Marfan syndrome is an autosomal dominant connective tissue disorder associated with manifestations in multiple organ systems. The aorta is a key site affected by this syndrome, and female patients are at risk for aortic dissection associated with pregnancy and childbirth. Traditionally, this risk has been ascribed to labor-induced stress, but Habashi et al. noted that aortic dissection often occurs relatively late postpartum, prompting them to examine possible additional explanations. Using mouse models of Marfan syndrome, the researchers discovered that oxytocin, the hormone involved in milk letdown, plays a key role in aortic dissection, and identified several potential approaches for preventing this complication.

Abstract

Women with Marfan syndrome (MFS) are at high risk for pregnancy-associated aortic dissection.
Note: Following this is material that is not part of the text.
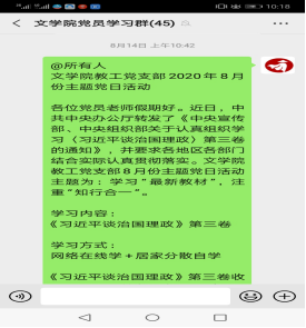 按照蜘蛛直播 党委工作安排,为认真贯彻落实《中央宣传部、中央组织部关于认真组织学习〈习近平谈治国理政〉第三卷的通知》,蜘蛛直播 教工党支部于8月14日召开“学习‘最新教材’,注重‘知行合一’”的主题党日活动。
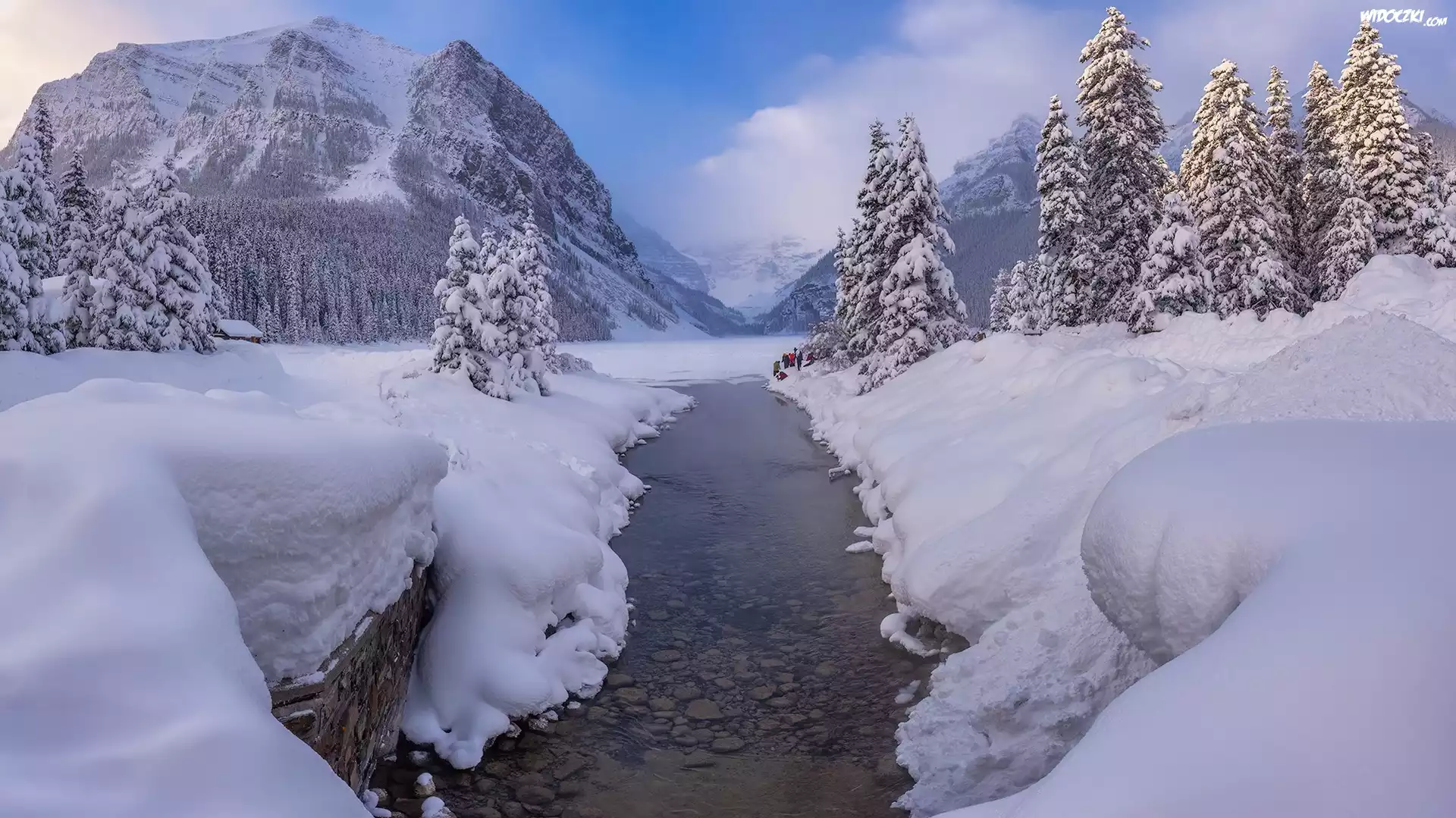 Zdjęcia, Zima, Góry, Las, Ośnieżone, Drzewa, Rzeka

Pathogenic models that singularly invoke hemodynamic stress are difficult to reconcile with predominant postnatal occurrence of aortic tear, often occurring weeks to months after delivery. In consideration of events that peak at term, are sustained after delivery, and might synergize with previously defined signaling pathways implicated in aneurysm progression, we examined the hormone oxytocin, which initiates uterine contraction and milk letdown for the duration of lactation through phosphorylation of extracellular signal–regulated kinase (ERK). In a mouse model of MFS that shows highly penetrant postnatal aortic dissection, risk was strongly attenuated by preventing lactation or use of an oxytocin receptor antagonist. Survival correlated inversely with the extent of ERK activation in the aortic wall, and strong protection was observed upon attenuation of ERK phosphorylation using an inhibitor of ERK kinase (MEK) or the U.S. Food and Drug Administration–approved medication hydralazine, offering potential therapeutic strategies for pregnancy-associated vascular catastrophe in the setting of MFS.